Principles

Nine principles we use as a filter when something has to be decided. They apply across any project, any vertical, any technology. If an option contradicts one of them, we hesitate.

1. Results over activity

We measure by impact, not by hours worked, lines of code written, or meetings attended. What counts is what changed: revenue increased, costs reduced, problem solved.

In practice:

  • We define clear outcomes before starting.
  • We ask "what did this achieve?", not "how long did this take?".
  • We celebrate results, not effort.

2. Build over consult

We prefer to execute over recommending. Anyone can give advice. We write the code, ship the product, and deliver the solution.

In practice:

  • We do not produce slide decks that end up in a folder.
  • If we spot a problem, we propose and build the fix.
  • Our deliverables are working software, not reports.

3. Repeat to scale

We document everything. If it works, we systematize it. If it repeats, we productize it. That is how we grow without burning out.

In practice:

  • Every process gets documented the second time around.
  • We build internal tooling to automate repetitive work.
  • Patterns from Solutions become products in Factory.

4. Ambition with patience

We want to be big. We want to build the LATAM equivalent of the great tech companies. But we know that gets built step by step, not overnight.

In practice:

  • We set ambitious long-term goals.
  • We break them down into achievable milestones.
  • We do not trade quality for speed.

5. Technology with purpose

We do not adopt technology because it is fashionable. Every tool, framework, or AI model has to solve a real problem. Technology is a means, not an end.

In practice:

  • Before adopting something, we ask what problem it solves.
  • We pick boring technology when it is the right choice.
  • We use AI where it adds value, not everywhere.

6. Own your work

Each person owns their deliverables end to end. No throwing code over the wall. No "that is not my job". If you build it, you support it.

In practice:

  • We do not split into "dev" and "ops" mindsets.
  • We follow up on work after we deliver it.
  • We fix our own bugs.

7. Transparency by default

We share information openly inside the team. No information hoarding, no politics, no hidden agendas. Trust is built through transparency.

In practice:

  • Decisions are documented with their rationale.
  • Feedback is direct and constructive.
  • We admit mistakes when we make them.

8. Simplicity wins

Simple solutions beat complex ones. Simple code beats clever code. Simple processes beat bureaucratic ones. When in doubt, simplify.

In practice:

  • We remove features more often than we add them.
  • We prefer clear over clever.
  • We ask "can this be simpler?" regularly.

9. AI-native by design

AI and automation are core tools at Dinnartec. They multiply our capacity, they do not decorate our marketing. We build assuming AI is available; we ship products where AI is part of the substrate, not an add-on.

In practice:

  • We use AI agents to write, review, and ship code.
  • We automate operational work that does not need a human.
  • We design products assuming AI is available, not optional.
  • We pick AI where it adds value, ignore it where it does not.
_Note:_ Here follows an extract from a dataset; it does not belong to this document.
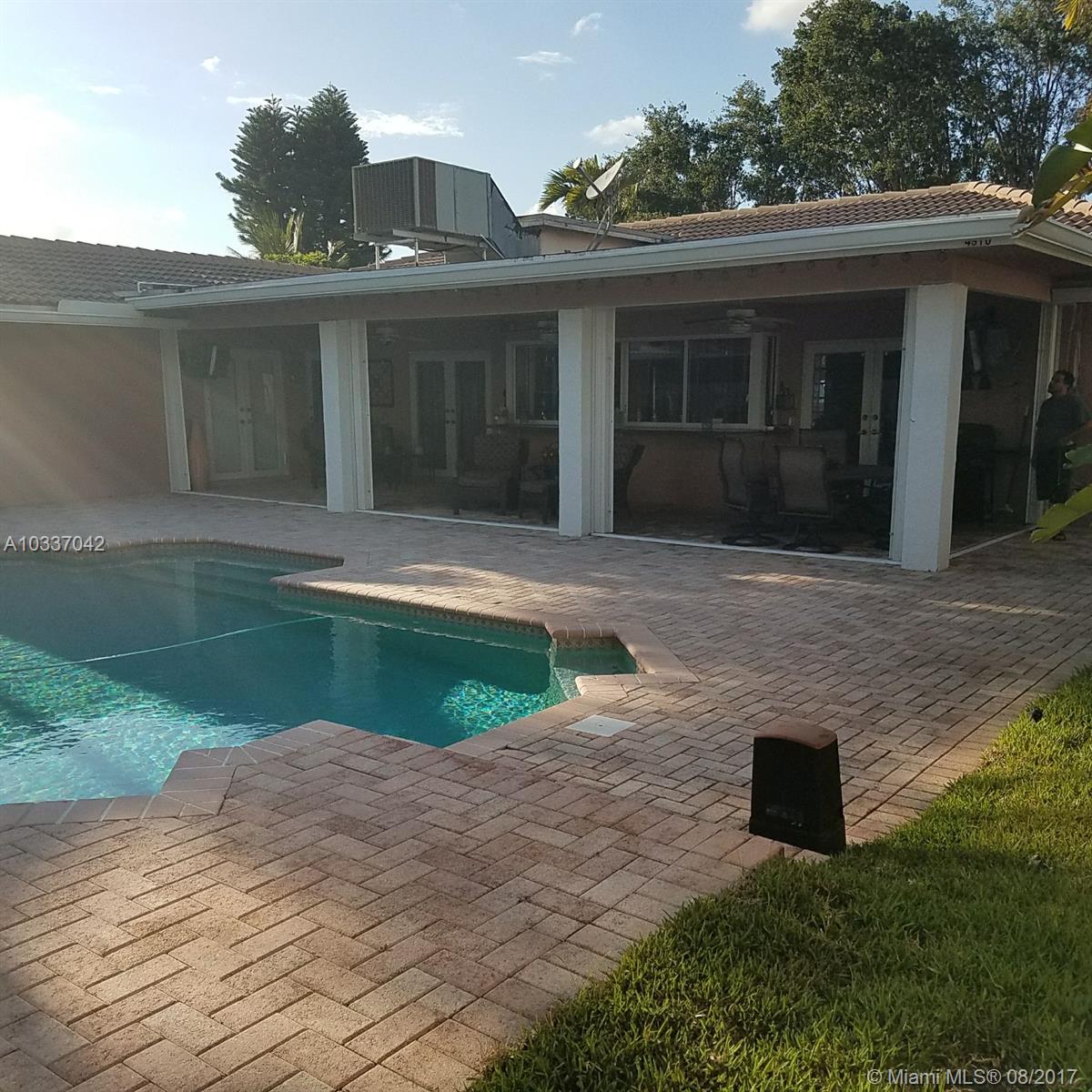 Beautiful 3 bedrooms, 2 bathrooms, re-designed Hollywood Hills Residence. Featuring hardwood floors throughout the house; remodeled kitchen with granite countertop, stainless steel appliances, pantry and a pass-thru windows. Formal living and Dinning room, Family room, Cabana bath, Foyer. French doors leading to 40' long covered sun-porch; 30 Ft. long pool with spa and paved deck; two car garage, barrel roof, circular paved driveway, in-house laundry room and so much more.

How we use these principles

These are not decorative posters. They serve to:

  1. Decide. When we are stuck, the principle that fits best breaks the tie.
  2. Give feedback. We reference principles when reviewing work.
  3. Resolve conflicts. Shared principles are common ground.
  4. Evaluate fit. New team members must resonate with this.

These principles evolve. If something stops serving us, we change it.